== Task brief ==
Please, in the data that follows, copy exactly the lines from the line with "Dodaj do wnętrza" through the last one, both included. Do not include pictures.

== Records for this task ==

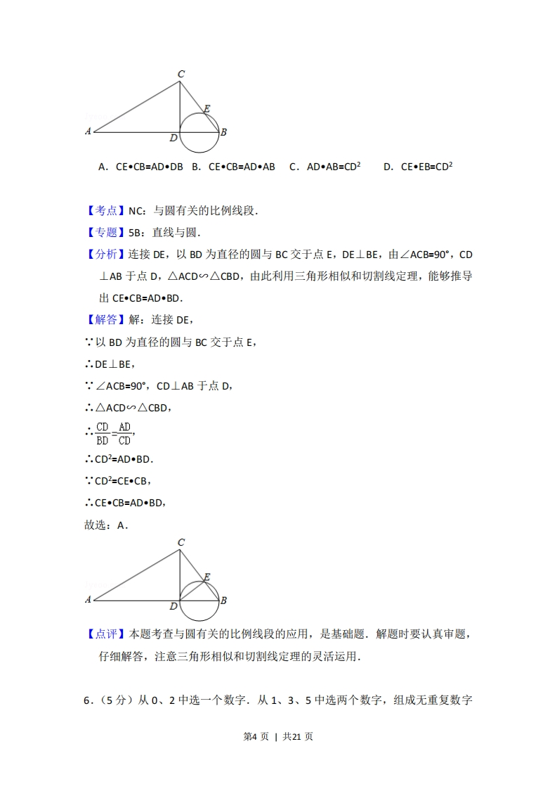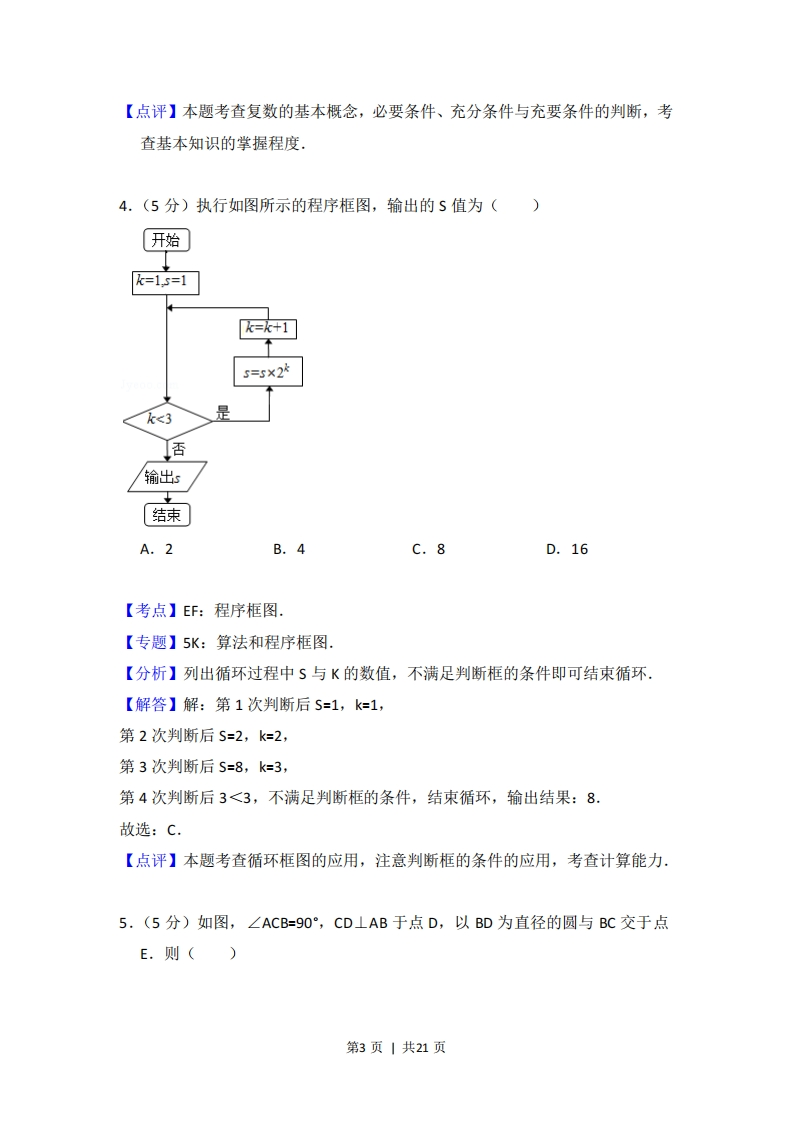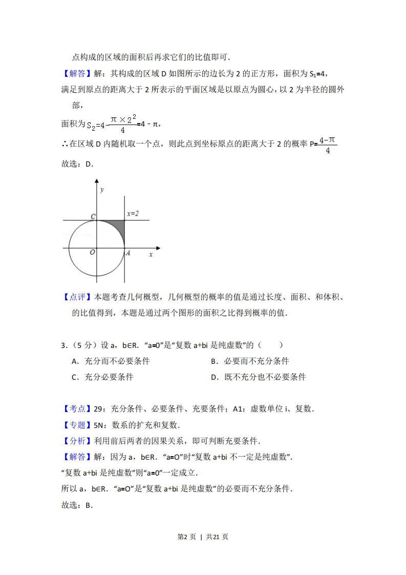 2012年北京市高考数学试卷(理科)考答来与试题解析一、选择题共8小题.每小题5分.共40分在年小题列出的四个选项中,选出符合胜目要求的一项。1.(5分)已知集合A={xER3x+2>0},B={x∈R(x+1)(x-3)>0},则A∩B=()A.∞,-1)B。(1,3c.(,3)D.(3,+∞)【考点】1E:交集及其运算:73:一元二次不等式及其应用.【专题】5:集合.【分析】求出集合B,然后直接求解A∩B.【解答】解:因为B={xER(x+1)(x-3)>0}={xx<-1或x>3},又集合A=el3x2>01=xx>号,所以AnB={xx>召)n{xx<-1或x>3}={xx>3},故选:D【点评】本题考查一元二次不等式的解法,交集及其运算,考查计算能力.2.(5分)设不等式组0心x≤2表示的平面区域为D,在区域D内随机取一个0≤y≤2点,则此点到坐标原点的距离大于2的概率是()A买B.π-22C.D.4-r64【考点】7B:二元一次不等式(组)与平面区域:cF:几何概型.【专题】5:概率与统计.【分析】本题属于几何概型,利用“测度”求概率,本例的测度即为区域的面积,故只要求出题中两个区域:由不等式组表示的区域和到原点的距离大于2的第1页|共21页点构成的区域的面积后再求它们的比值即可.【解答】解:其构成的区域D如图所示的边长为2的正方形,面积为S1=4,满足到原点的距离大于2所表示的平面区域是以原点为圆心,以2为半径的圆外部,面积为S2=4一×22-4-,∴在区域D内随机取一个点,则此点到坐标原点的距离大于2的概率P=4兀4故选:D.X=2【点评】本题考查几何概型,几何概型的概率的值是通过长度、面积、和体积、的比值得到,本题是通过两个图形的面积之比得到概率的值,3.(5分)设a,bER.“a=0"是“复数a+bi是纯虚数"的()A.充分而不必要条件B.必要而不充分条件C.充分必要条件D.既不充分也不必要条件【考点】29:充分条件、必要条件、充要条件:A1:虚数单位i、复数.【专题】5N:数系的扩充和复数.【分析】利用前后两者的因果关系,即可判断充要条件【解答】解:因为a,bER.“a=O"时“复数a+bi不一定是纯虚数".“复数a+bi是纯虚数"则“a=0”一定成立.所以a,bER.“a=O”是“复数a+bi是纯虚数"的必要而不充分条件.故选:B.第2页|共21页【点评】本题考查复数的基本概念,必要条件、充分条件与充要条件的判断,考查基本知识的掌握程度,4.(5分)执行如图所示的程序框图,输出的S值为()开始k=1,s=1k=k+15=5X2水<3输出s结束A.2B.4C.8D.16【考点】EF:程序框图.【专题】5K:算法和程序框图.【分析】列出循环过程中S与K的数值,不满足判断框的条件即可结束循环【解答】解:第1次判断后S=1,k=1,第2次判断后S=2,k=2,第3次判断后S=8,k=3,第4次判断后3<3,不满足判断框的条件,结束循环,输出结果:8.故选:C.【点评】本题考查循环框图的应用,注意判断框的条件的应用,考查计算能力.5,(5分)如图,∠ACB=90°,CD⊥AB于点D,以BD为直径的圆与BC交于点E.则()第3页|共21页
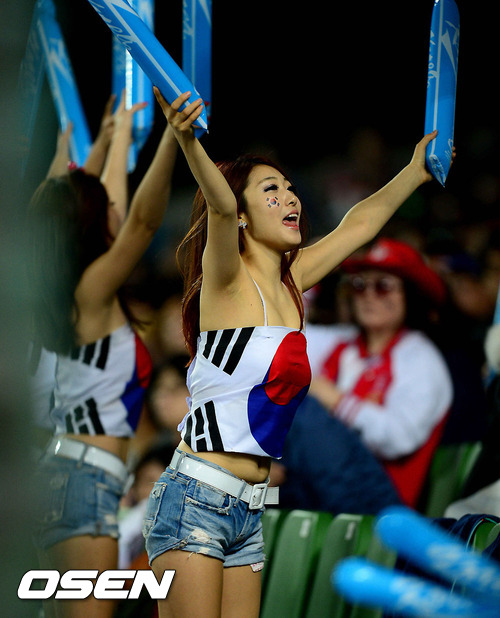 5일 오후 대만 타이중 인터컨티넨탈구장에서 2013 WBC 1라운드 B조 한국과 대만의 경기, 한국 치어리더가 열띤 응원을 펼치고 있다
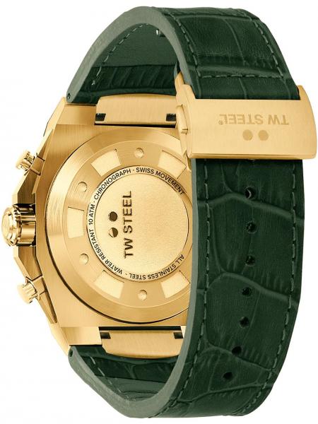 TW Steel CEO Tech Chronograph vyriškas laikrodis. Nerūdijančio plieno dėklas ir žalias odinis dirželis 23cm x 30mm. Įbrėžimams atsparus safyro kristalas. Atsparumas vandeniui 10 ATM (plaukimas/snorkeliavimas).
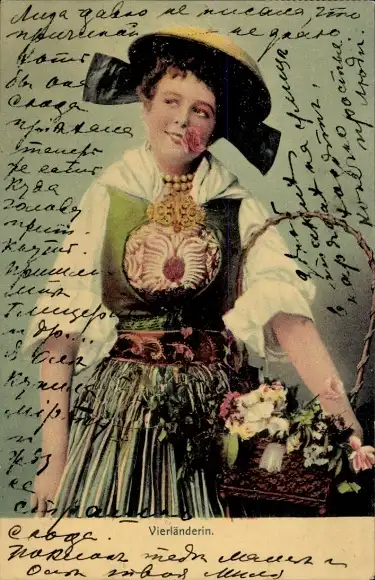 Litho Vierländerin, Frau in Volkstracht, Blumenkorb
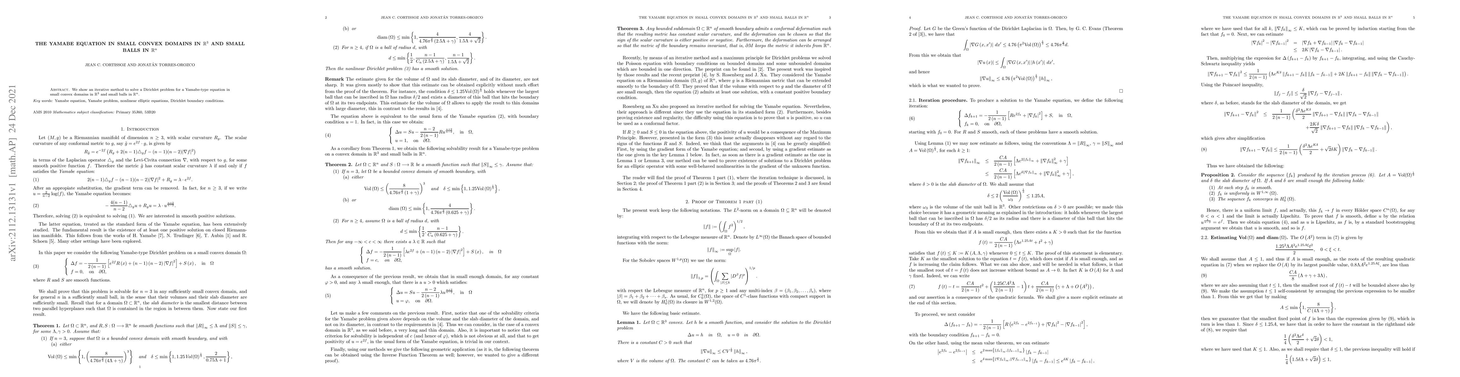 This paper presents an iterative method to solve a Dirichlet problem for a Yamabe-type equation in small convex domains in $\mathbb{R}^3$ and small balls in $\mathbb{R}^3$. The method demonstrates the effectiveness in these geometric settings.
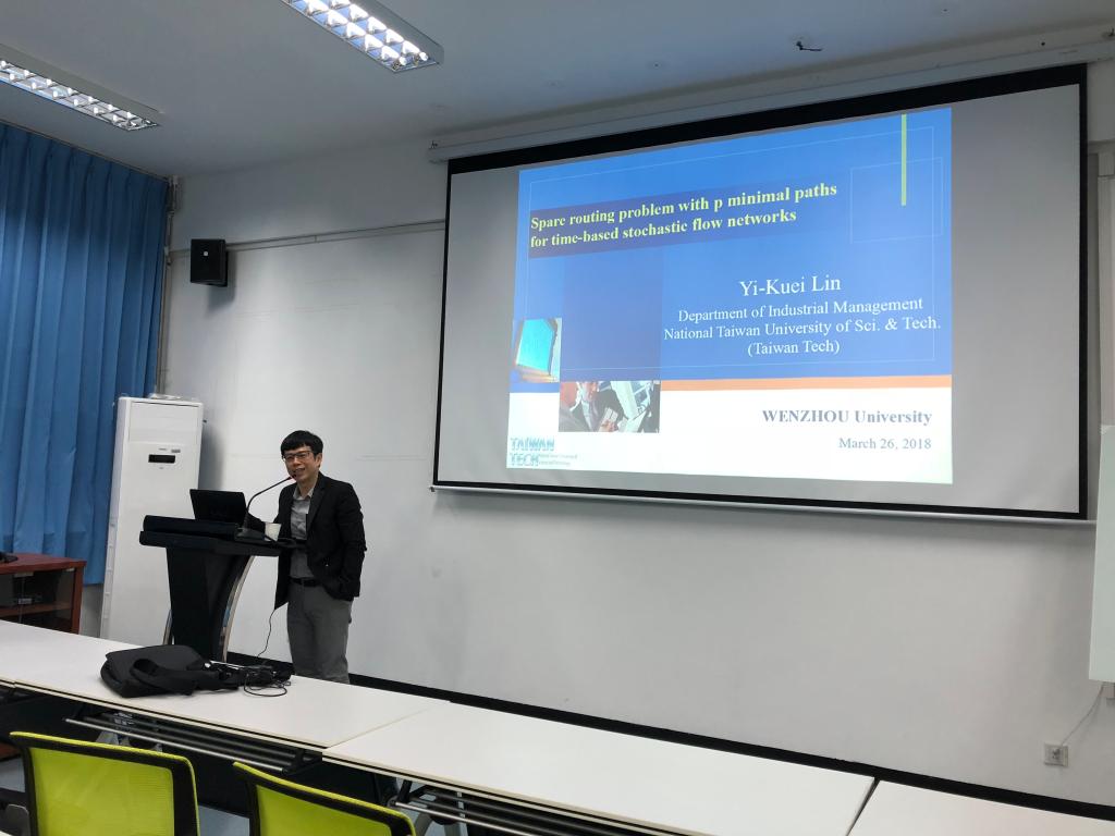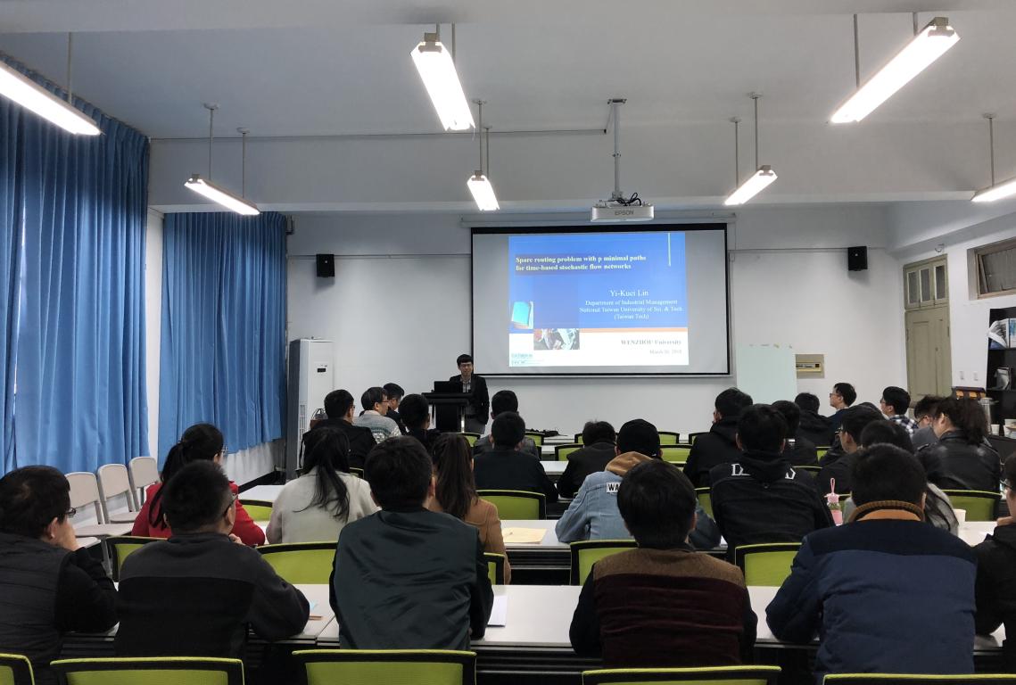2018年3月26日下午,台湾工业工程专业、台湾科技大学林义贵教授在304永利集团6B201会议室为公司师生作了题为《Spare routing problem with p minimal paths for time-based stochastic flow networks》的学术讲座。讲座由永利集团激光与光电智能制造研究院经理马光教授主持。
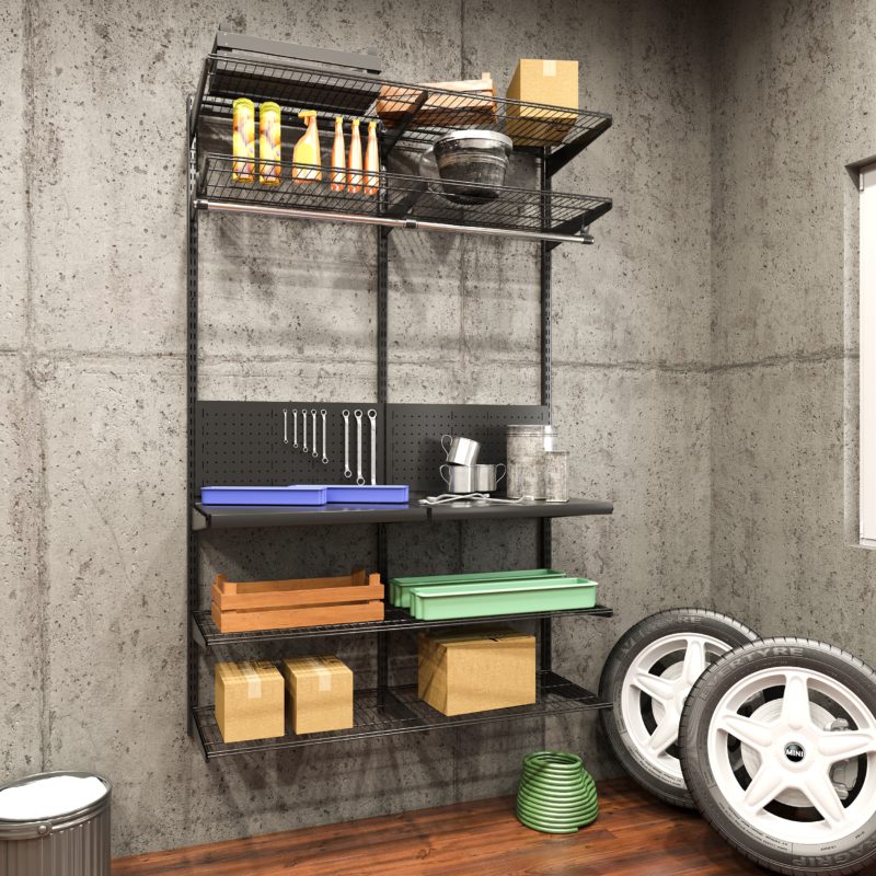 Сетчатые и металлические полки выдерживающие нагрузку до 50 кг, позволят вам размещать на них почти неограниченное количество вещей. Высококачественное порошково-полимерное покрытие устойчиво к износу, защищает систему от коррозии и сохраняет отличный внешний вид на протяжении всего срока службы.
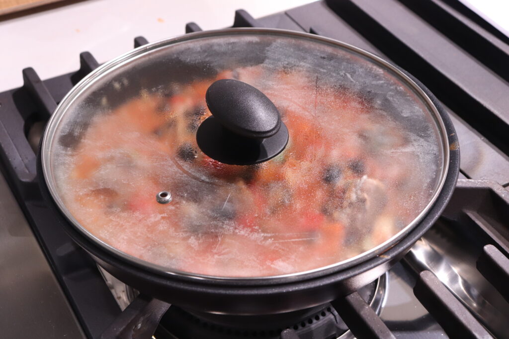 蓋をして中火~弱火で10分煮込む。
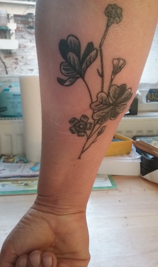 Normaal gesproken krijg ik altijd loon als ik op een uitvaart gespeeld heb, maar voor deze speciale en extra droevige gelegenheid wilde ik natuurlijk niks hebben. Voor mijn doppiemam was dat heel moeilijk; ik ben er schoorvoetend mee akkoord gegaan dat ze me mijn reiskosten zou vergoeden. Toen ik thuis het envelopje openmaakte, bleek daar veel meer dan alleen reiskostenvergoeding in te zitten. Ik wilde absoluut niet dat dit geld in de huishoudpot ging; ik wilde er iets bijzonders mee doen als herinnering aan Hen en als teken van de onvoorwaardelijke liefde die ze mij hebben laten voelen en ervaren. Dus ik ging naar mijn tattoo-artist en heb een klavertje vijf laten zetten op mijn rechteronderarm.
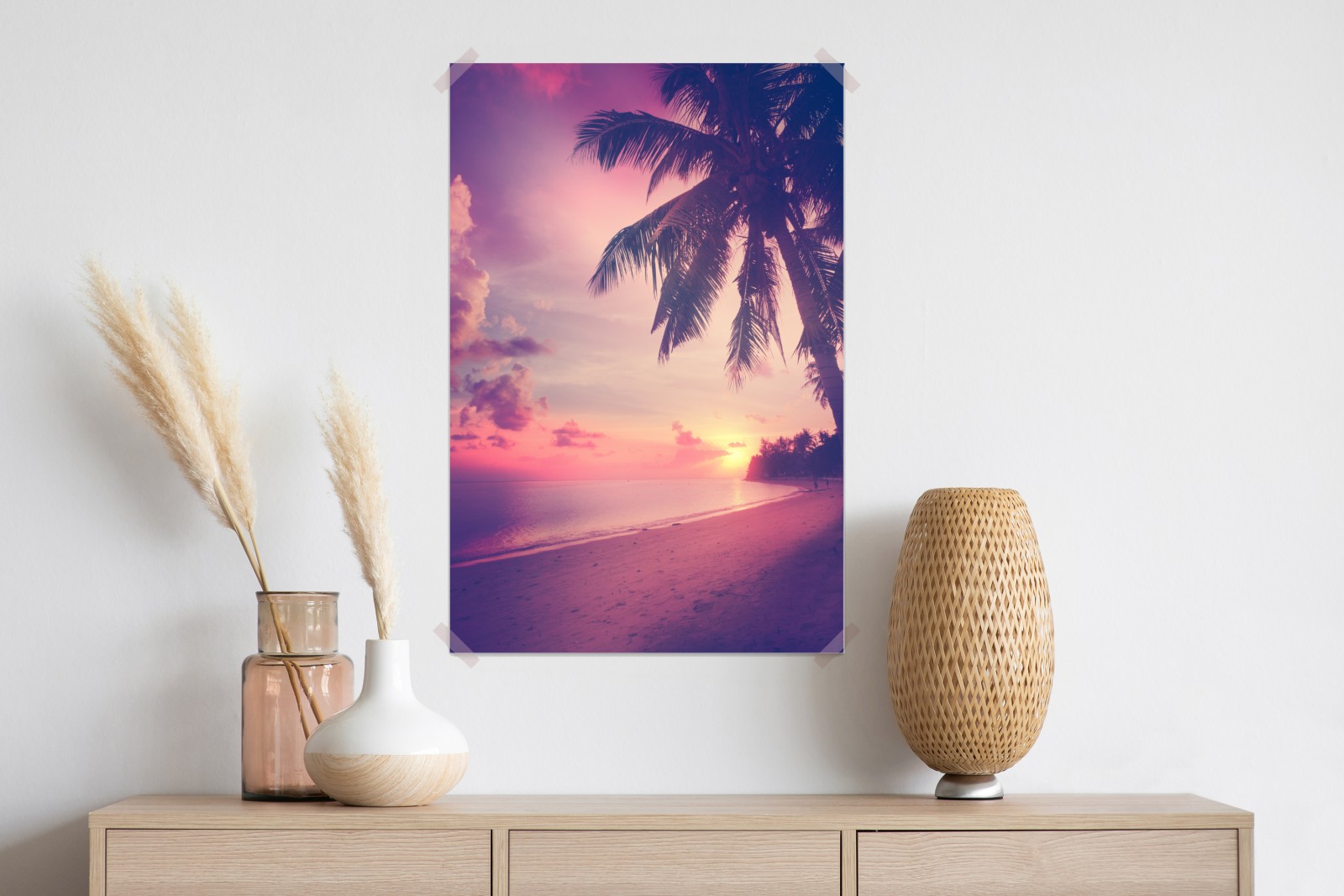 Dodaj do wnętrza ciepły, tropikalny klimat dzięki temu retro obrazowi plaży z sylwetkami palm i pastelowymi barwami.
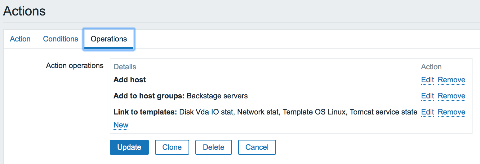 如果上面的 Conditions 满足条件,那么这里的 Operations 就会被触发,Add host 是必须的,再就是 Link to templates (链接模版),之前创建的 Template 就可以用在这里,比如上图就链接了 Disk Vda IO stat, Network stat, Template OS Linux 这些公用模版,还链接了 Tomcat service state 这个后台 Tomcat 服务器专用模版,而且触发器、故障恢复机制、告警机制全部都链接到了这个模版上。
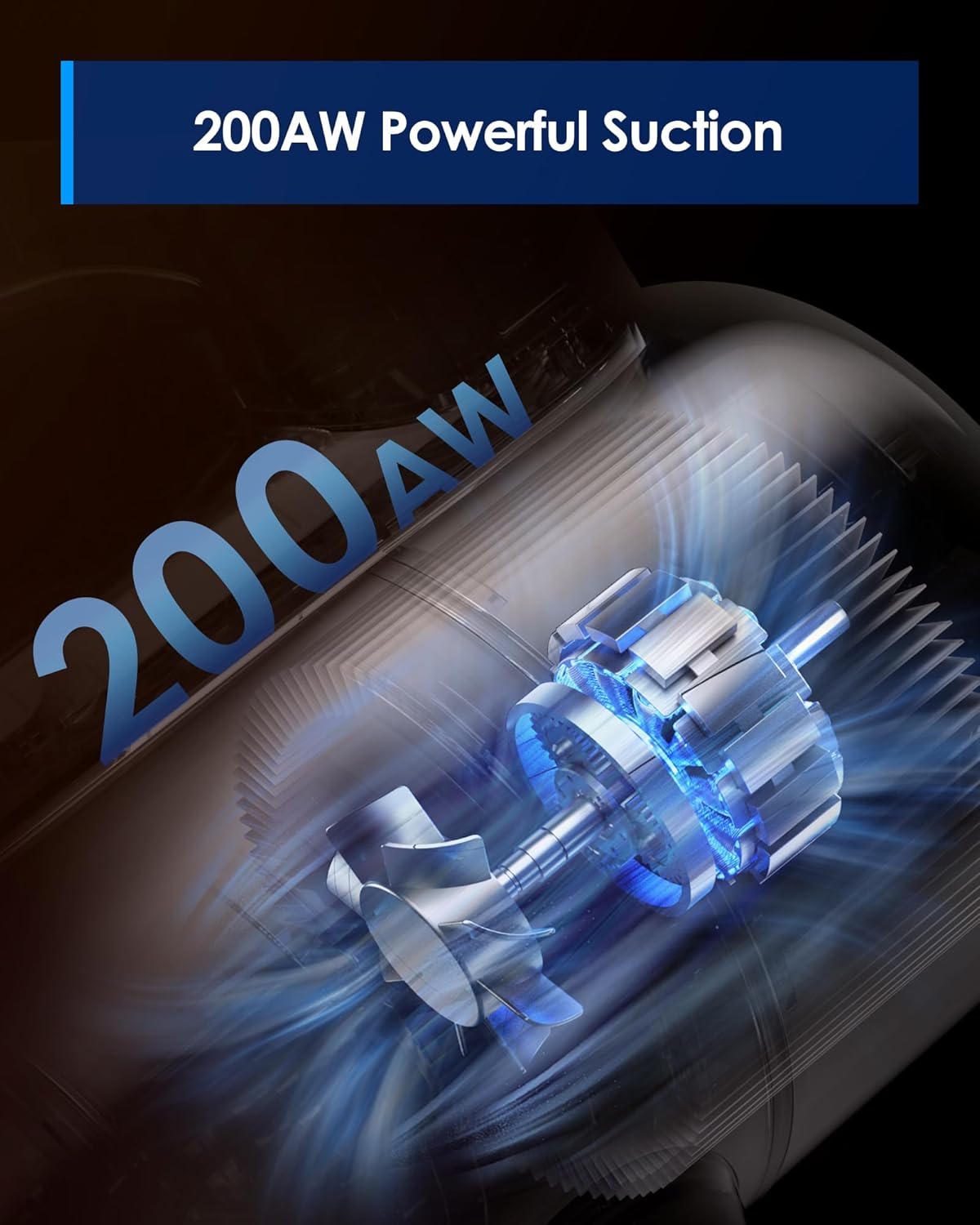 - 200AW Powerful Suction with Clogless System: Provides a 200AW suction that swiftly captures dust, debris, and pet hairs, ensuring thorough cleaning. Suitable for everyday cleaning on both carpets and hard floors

== Answer section ==
 Dodaj do wnętrza ciepły, tropikalny klimat dzięki temu retro obrazowi plaży z sylwetkami palm i pastelowymi barwami.
 如果上面的 Conditions 满足条件,那么这里的 Operations 就会被触发,Add host 是必须的,再就是 Link to templates (链接模版),之前创建的 Template 就可以用在这里,比如上图就链接了 Disk Vda IO stat, Network stat, Template OS Linux 这些公用模版,还链接了 Tomcat service state 这个后台 Tomcat 服务器专用模版,而且触发器、故障恢复机制、告警机制全部都链接到了这个模版上。
 - 200AW Powerful Suction with Clogless System: Provides a 200AW suction that swiftly captures dust, debris, and pet hairs, ensuring thorough cleaning. Suitable for everyday cleaning on both carpets and hard floors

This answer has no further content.